International Association of Prosecutors
- Abbreviation: IAP
- Formation: June 6, 1995; 30 years ago
- Founded at: Vienna, Austria
- Type: NGO
- Purpose: Setting and raising standards of professional conduct and ethics for prosecutors worldwide.
- Headquarters: The Hague, Netherlands
- Secretary General: Han Moraal
- President: Cheol-Kyu Hwang
- Website: https://www.iap-association.org/

= International Association of Prosecutors =

Non-governmental organization

The International Association of Prosecutors (IAP) is a global non-governmental organisation of prosecutors, established by the United Nations in 1995, Vienna. It has 183 organizational members from 177 countries, and individual members.

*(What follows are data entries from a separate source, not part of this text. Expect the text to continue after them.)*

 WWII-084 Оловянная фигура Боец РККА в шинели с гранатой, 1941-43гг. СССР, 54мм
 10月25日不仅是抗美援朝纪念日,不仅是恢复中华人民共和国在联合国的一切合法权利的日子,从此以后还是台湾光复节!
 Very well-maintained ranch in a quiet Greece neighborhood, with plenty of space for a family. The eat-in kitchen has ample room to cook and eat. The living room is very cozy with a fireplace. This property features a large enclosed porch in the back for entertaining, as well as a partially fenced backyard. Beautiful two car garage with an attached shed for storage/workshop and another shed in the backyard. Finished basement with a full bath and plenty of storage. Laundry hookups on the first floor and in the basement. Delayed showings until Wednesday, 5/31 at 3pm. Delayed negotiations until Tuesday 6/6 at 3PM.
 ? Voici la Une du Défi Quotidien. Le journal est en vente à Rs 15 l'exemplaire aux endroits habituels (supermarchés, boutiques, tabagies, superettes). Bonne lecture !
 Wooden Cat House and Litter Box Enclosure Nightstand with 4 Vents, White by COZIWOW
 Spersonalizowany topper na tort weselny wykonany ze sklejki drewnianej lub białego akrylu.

The IAP was established due to growth in transnational crime like drug trafficking, money laundering and fraud. It traces its origins to the eighth United Nations Congress on Crime Prevention and Criminal Justice in 1990, and subsequent development by the Hungarian National Association of Prosecutors, working with the Crime Prevention and Criminal Justice Branch of the United Nations Office at Vienna (UNOV). At a meeting at UNOV in June 1995, representatives of eleven countries established the IAP as an independent NGO, with the secretariat located in Groningen, Netherlands, by November. Participants from 49 countries attended its first conference in Budapest in September 1996. In 1999 the headquarters moved to The Hague, since it was a center of international law. That year it announced the "IAP Standards of Professional Responsibility and Statement of the Essential Duties and Rights of Prosecutors," and asked its members to certify their adherence to it. In 2003 the IAP published the Human Rights Manual for Prosecutors. By 2020 IAP membership had grown to organizations in 177 countries, representing more than 350,000 people, as well as some 850 individual members. Its annual budget stood at about .

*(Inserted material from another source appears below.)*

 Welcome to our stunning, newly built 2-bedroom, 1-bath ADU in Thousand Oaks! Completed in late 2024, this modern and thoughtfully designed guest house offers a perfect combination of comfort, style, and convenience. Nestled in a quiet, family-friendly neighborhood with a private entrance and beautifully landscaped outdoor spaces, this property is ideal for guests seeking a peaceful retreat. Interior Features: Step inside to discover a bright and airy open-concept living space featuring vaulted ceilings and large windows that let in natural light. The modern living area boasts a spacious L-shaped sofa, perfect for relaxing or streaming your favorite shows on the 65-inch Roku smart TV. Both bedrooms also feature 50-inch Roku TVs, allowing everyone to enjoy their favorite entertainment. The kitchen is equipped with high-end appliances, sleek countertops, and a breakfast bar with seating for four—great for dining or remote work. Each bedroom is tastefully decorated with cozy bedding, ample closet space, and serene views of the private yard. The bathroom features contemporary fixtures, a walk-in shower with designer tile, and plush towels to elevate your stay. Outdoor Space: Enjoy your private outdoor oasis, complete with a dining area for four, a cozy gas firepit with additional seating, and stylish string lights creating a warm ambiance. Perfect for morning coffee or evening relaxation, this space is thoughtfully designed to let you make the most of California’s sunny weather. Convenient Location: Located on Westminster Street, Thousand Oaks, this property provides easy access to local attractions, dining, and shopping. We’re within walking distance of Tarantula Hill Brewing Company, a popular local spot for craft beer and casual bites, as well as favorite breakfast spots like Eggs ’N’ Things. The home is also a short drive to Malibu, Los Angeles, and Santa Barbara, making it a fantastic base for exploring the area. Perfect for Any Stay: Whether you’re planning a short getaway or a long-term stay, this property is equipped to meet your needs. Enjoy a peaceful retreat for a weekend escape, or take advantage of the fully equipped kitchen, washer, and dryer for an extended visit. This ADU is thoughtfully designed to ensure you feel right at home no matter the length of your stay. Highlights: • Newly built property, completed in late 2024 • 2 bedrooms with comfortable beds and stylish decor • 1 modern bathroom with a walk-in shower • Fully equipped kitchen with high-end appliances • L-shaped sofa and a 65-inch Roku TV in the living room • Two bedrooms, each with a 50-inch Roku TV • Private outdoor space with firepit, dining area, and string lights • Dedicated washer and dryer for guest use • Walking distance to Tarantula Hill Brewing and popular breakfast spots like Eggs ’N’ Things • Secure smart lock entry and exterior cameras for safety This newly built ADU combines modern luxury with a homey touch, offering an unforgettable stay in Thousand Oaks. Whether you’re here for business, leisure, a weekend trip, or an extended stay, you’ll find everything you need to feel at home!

Regional conferences in Africa, Latin America, Western Europe, Eastern Europe/Central Asia, North America and the Caribbean and the Asia-Pacific region are now regular events in the IAP, and are mainly aimed at front line prosecutors. The association produces newsletters and the IAP Journal, which are available online to members, as well as the Forum for International Criminal Justice. A Global Prosecutors E-Crime Network provides information of interest to prosecutors concerning cyber crime.

The IAP is an independent body, but its 1999 Standards of Professional Responsibility were adopted by the United Nations Commission on Crime Prevention and Criminal Justice (UNCCPCJ) in 2008. In fact the idea for the IAP arose during the same 1990 United Nations Congress on Crime Prevention and Criminal Justice which proclaimed the UN's "Guidelines on the Role of Prosecutors.", citing human rights clauses in the UN's founding document.

Regarding the International Criminal Court (ICC), a court established by treaty and not part of the UN, the IAP has "shown... interest in promoting a Code of Conduct for Prosecutors before the ICC, after the topic was neglected by the ICC negotiations,... [which] shows that the 'profession' may step on occasions to fill in regulatory gaps... It remains to be seen if a Prosecutor could ever be disciplined nationally or internationally by a professional order. The International Association of Prosecutors certainly does not have that power."

UNESCO and the IAP "developed the first international guidelines on investigating and prosecuting crimes against journalists with key recommendations for prosecutors."